Floats are taken out of the normal flow so they will be pulled as far to the side as possible until they reach another floated element or the edge of the BFC.
"B) On the row after the first two, on the far left side?" "C) On the row after the first two, on the far right side?"
They are floated elements in the same BFC, if they fit on the same line, they will. Unless you clear them. Pretty simple stuff.
But yes, we're probably being a little too hard on this piece, being satire and all... Then again, what else do you expect from the HN audience?
It eases you into the realisation nice and slowly. I'm guessing given the penchant for people to comment based purely on titles, some won't even get that far.
Sorry if this feels harsh but reading through was fairly unpleasant.
https://developer.mozilla.org/en-US/docs/Web/CSS/vertical-al...
Although most of the article is satire, vertical align has a lot to do with tables. Centering only works in table-cell elements. Take a look at the code http://howtocenterincss.com/#contentType=text&horizontal=cen...
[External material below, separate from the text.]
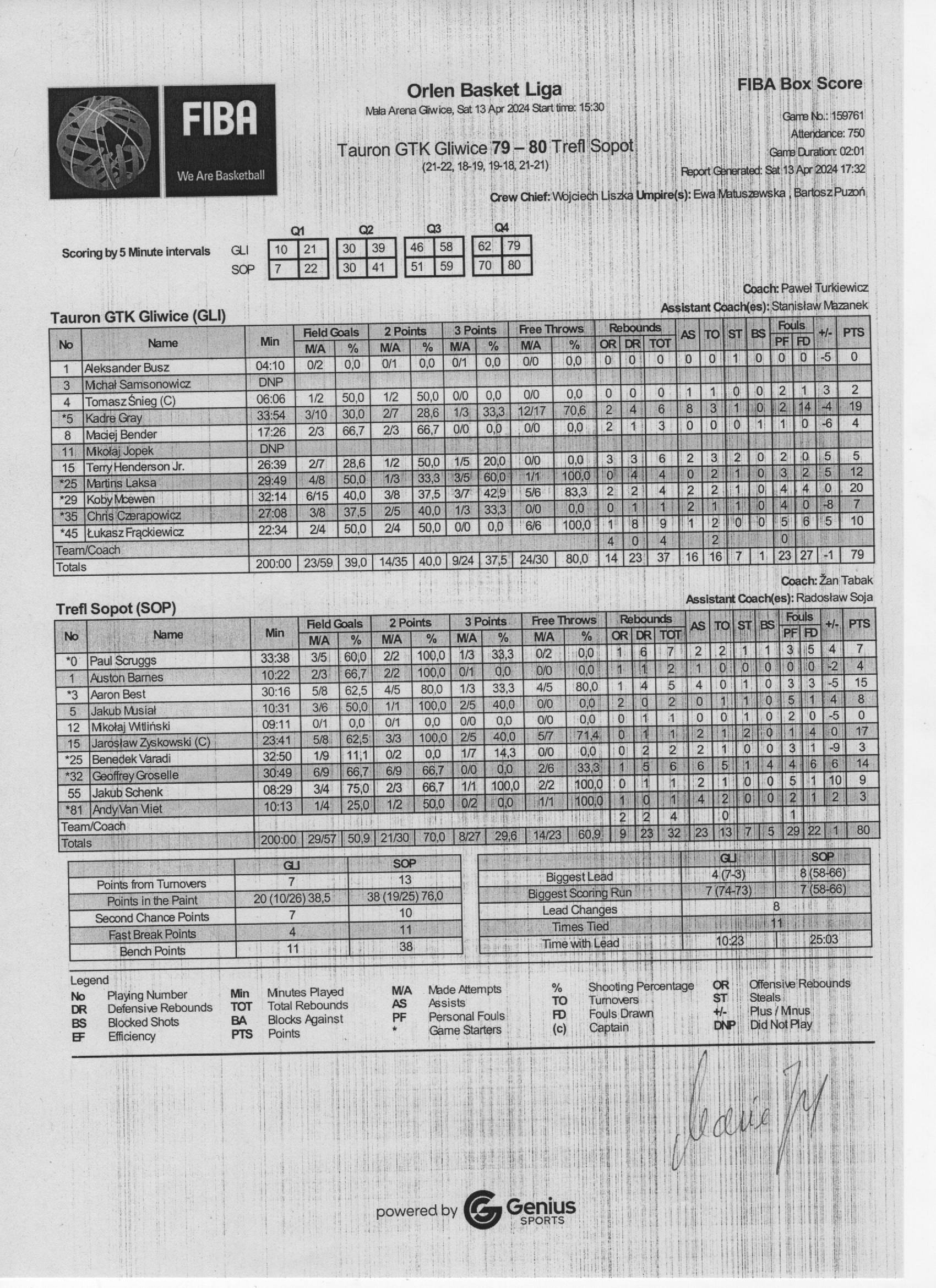 Runda Zasadnicza - 28 kolejka 13.04.2024 / 15:30Mała Arena Gliwice, Akademicka 50, 44-100 Gliwice21:22/18:19/19:18/21:21

Or, one of the references mozilla links to there is: http://phrogz.net/css/vertical-align/index.html
This just reads like a massive complaint-fest TBH.
CSS Grid and flexbox are a nice improvement over what I had to work with in, say, 2010.
And fail they did. Rather than hammer out an explicit standard, they just kind of winged it and left the actual implementation details to the browser builders. Those guys were never going to play nicely together, but at least we'd be able to blame someone else.
I browse with uMatrix with some extra strict defaults (no 3rd-party CSS/images) and about 90% of sites that link bootstrap from a CDN work fine without.